:: Exercise data ::

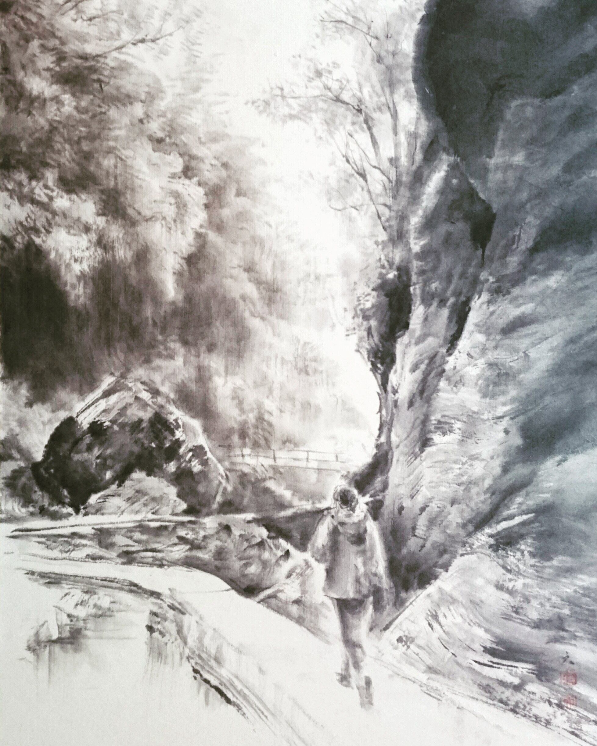水墨画家 藤原六間堂 肉筆 原画 水墨画 /
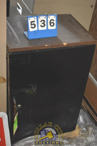 Approx. 18" x 28" Wood Topped Metal Cabinet (We do not guarantee the working condition or completeness of any of these items.)
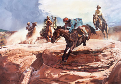 Exodus Horsethief, oil on canvas, signed Oleg Stavrowsky (lower left)
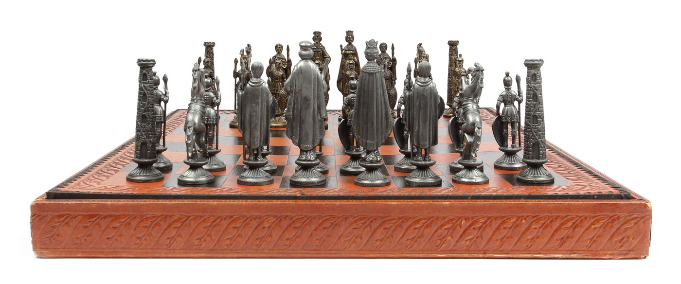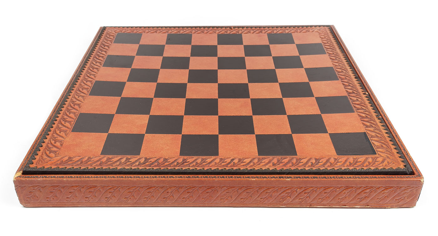 11. Impresionant joc de șah casetat, de dimensiuni atipice, cu tablă din piele, anii 1970

:::

__Task prompt__: Beginning with the line that holds "of these items.)", extract every line to the end of the material, exactly as it stands, and drop the pictures.

__Answer to this problem__:
 Approx. 18" x 28" Wood Topped Metal Cabinet (We do not guarantee the working condition or completeness of any of these items.)
 Exodus Horsethief, oil on canvas, signed Oleg Stavrowsky (lower left)
 11. Impresionant joc de șah casetat, de dimensiuni atipice, cu tablă din piele, anii 1970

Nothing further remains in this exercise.